What needs to be done:
Every record below is to be copied exactly, with its images omitted.

Dataset entries:
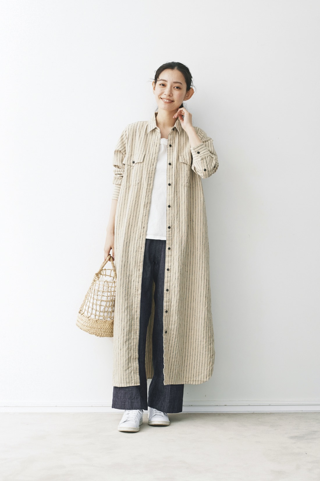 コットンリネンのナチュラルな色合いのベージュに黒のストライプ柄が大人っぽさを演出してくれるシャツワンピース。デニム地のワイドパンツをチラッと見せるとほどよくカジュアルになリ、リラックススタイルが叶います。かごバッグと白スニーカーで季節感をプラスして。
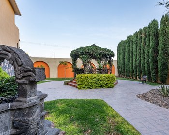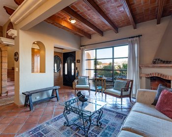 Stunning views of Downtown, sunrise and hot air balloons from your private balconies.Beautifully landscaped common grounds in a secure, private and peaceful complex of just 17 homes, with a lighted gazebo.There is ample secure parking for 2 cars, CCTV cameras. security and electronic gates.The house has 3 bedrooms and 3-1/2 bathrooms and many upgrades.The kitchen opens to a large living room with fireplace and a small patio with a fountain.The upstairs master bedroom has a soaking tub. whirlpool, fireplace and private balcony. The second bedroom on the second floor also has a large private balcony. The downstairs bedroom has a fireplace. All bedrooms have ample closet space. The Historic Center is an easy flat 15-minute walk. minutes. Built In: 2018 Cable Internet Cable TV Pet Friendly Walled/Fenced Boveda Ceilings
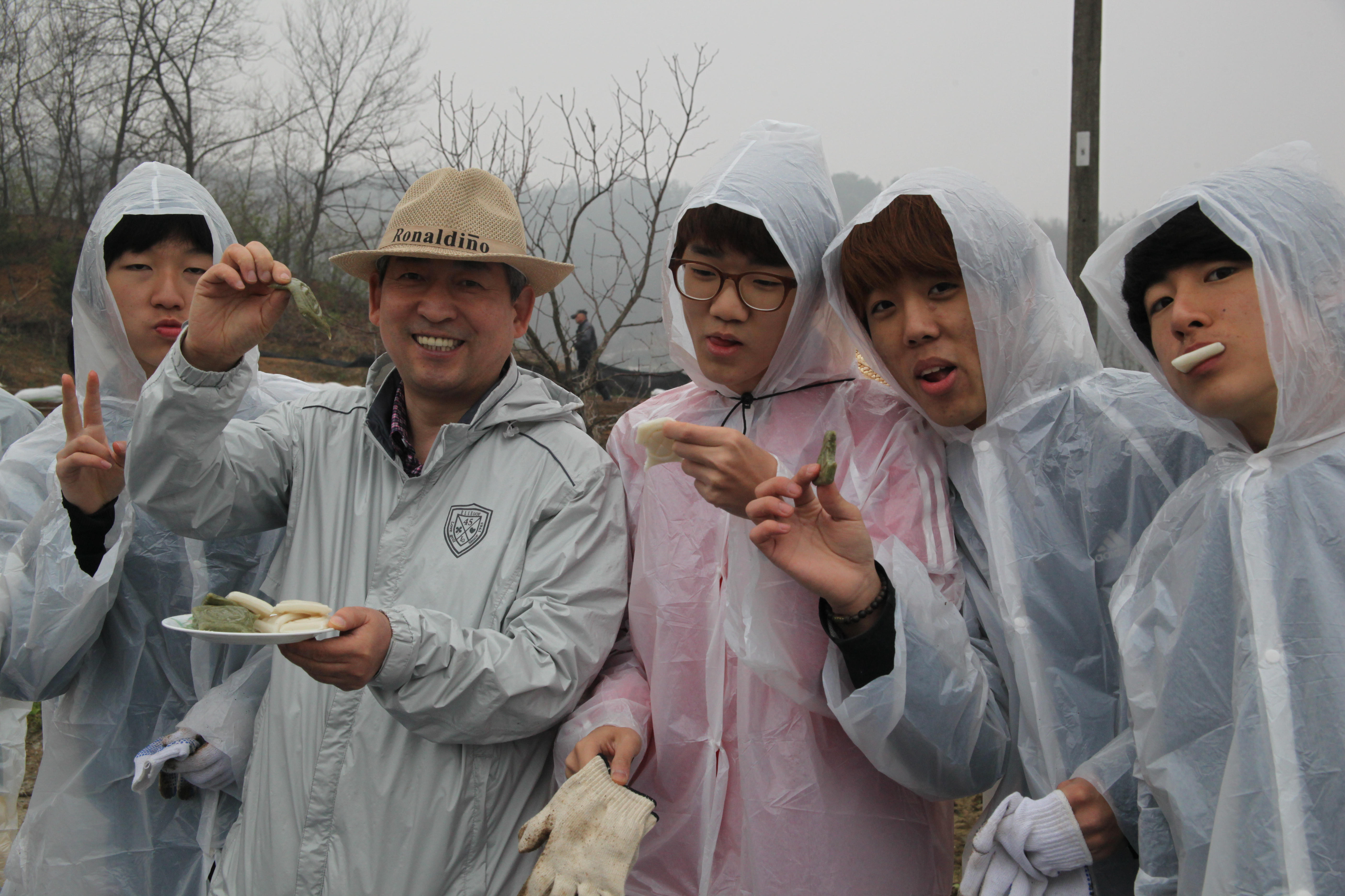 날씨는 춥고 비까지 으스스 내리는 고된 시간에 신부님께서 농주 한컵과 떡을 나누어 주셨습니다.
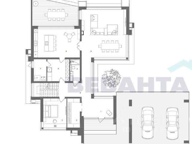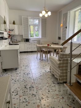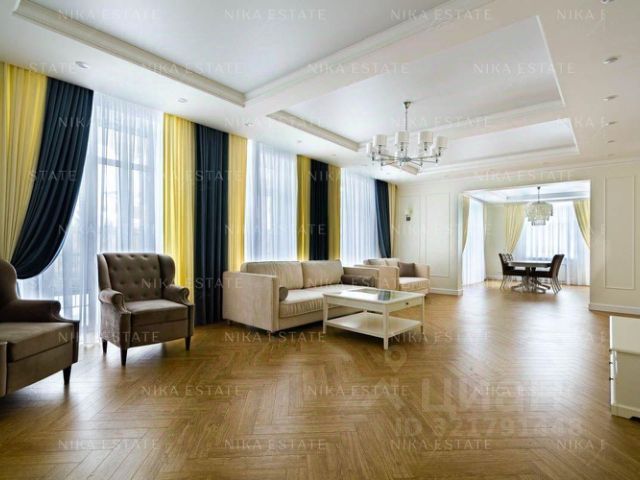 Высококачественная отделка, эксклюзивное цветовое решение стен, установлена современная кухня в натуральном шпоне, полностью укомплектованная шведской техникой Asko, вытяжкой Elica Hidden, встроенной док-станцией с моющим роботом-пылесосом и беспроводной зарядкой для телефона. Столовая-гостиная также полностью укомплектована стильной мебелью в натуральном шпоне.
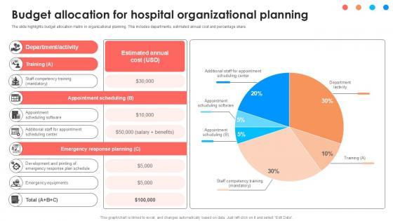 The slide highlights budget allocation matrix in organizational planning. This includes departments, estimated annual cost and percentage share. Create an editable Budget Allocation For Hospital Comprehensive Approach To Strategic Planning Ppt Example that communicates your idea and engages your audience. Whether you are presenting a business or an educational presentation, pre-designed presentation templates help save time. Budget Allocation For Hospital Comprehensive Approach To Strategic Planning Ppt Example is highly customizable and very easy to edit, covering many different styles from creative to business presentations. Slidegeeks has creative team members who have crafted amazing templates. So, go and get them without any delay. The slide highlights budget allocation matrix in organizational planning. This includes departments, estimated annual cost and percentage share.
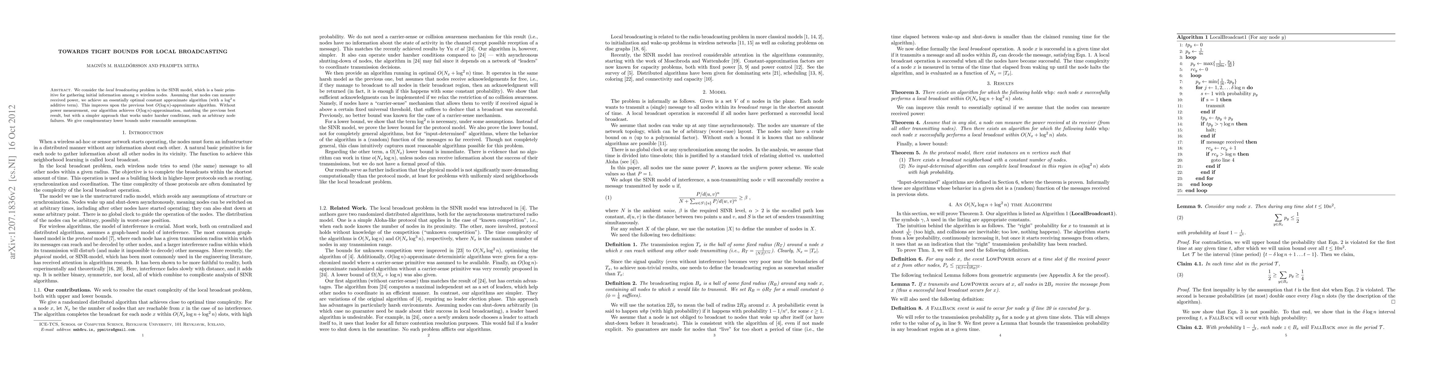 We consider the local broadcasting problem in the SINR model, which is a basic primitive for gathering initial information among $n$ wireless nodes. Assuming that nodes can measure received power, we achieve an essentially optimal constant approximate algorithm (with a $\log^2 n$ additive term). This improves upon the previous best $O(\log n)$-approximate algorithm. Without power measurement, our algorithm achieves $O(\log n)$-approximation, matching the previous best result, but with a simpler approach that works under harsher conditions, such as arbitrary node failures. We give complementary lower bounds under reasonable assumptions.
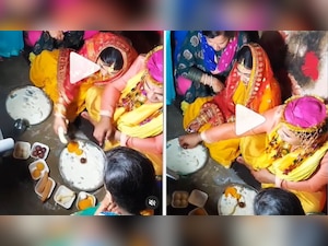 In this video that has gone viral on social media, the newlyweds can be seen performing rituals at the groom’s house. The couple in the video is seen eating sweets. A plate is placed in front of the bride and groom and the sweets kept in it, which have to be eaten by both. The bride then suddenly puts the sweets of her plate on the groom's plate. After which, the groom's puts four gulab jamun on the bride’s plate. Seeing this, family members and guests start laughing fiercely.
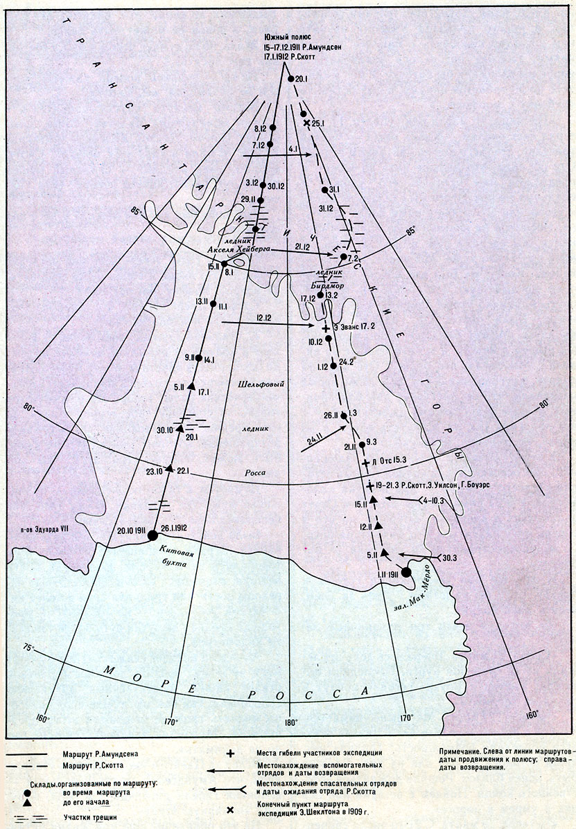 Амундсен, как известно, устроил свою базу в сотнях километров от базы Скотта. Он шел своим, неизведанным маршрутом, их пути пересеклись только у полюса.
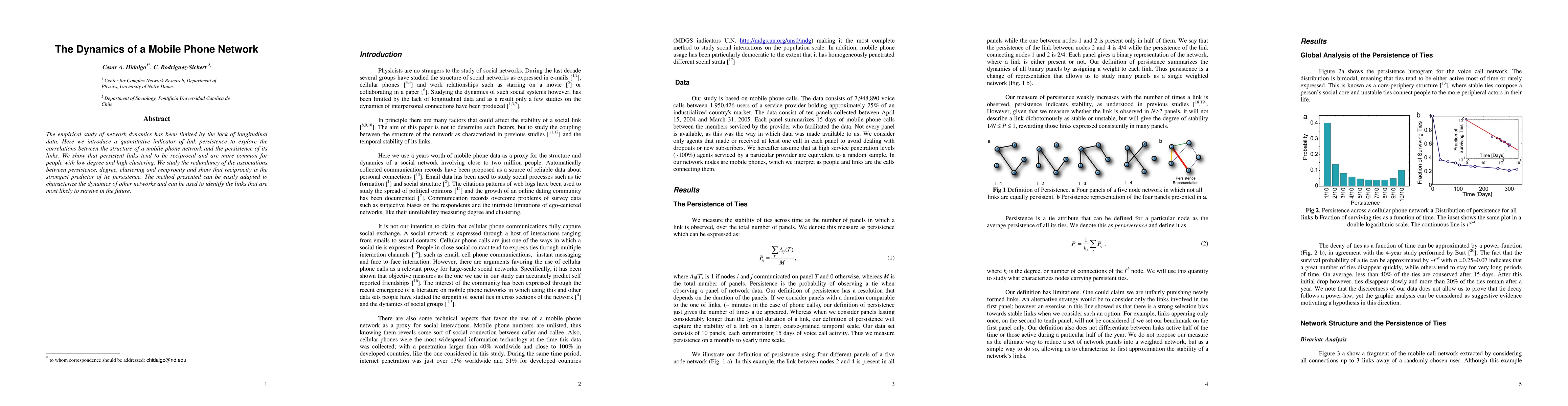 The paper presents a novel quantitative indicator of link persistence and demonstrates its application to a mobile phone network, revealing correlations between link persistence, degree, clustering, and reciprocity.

Answer to this task:
 コットンリネンのナチュラルな色合いのベージュに黒のストライプ柄が大人っぽさを演出してくれるシャツワンピース。デニム地のワイドパンツをチラッと見せるとほどよくカジュアルになリ、リラックススタイルが叶います。かごバッグと白スニーカーで季節感をプラスして。
 Stunning views of Downtown, sunrise and hot air balloons from your private balconies.Beautifully landscaped common grounds in a secure, private and peaceful complex of just 17 homes, with a lighted gazebo.There is ample secure parking for 2 cars, CCTV cameras. security and electronic gates.The house has 3 bedrooms and 3-1/2 bathrooms and many upgrades.The kitchen opens to a large living room with fireplace and a small patio with a fountain.The upstairs master bedroom has a soaking tub. whirlpool, fireplace and private balcony. The second bedroom on the second floor also has a large private balcony. The downstairs bedroom has a fireplace. All bedrooms have ample closet space. The Historic Center is an easy flat 15-minute walk. minutes. Built In: 2018 Cable Internet Cable TV Pet Friendly Walled/Fenced Boveda Ceilings
 날씨는 춥고 비까지 으스스 내리는 고된 시간에 신부님께서 농주 한컵과 떡을 나누어 주셨습니다.
 Высококачественная отделка, эксклюзивное цветовое решение стен, установлена современная кухня в натуральном шпоне, полностью укомплектованная шведской техникой Asko, вытяжкой Elica Hidden, встроенной док-станцией с моющим роботом-пылесосом и беспроводной зарядкой для телефона. Столовая-гостиная также полностью укомплектована стильной мебелью в натуральном шпоне.
 The slide highlights budget allocation matrix in organizational planning. This includes departments, estimated annual cost and percentage share. Create an editable Budget Allocation For Hospital Comprehensive Approach To Strategic Planning Ppt Example that communicates your idea and engages your audience. Whether you are presenting a business or an educational presentation, pre-designed presentation templates help save time. Budget Allocation For Hospital Comprehensive Approach To Strategic Planning Ppt Example is highly customizable and very easy to edit, covering many different styles from creative to business presentations. Slidegeeks has creative team members who have crafted amazing templates. So, go and get them without any delay. The slide highlights budget allocation matrix in organizational planning. This includes departments, estimated annual cost and percentage share.
 We consider the local broadcasting problem in the SINR model, which is a basic primitive for gathering initial information among $n$ wireless nodes. Assuming that nodes can measure received power, we achieve an essentially optimal constant approximate algorithm (with a $\log^2 n$ additive term). This improves upon the previous best $O(\log n)$-approximate algorithm. Without power measurement, our algorithm achieves $O(\log n)$-approximation, matching the previous best result, but with a simpler approach that works under harsher conditions, such as arbitrary node failures. We give complementary lower bounds under reasonable assumptions.
 In this video that has gone viral on social media, the newlyweds can be seen performing rituals at the groom’s house. The couple in the video is seen eating sweets. A plate is placed in front of the bride and groom and the sweets kept in it, which have to be eaten by both. The bride then suddenly puts the sweets of her plate on the groom's plate. After which, the groom's puts four gulab jamun on the bride’s plate. Seeing this, family members and guests start laughing fiercely.
 Амундсен, как известно, устроил свою базу в сотнях километров от базы Скотта. Он шел своим, неизведанным маршрутом, их пути пересеклись только у полюса.
 The paper presents a novel quantitative indicator of link persistence and demonstrates its application to a mobile phone network, revealing correlations between link persistence, degree, clustering, and reciprocity.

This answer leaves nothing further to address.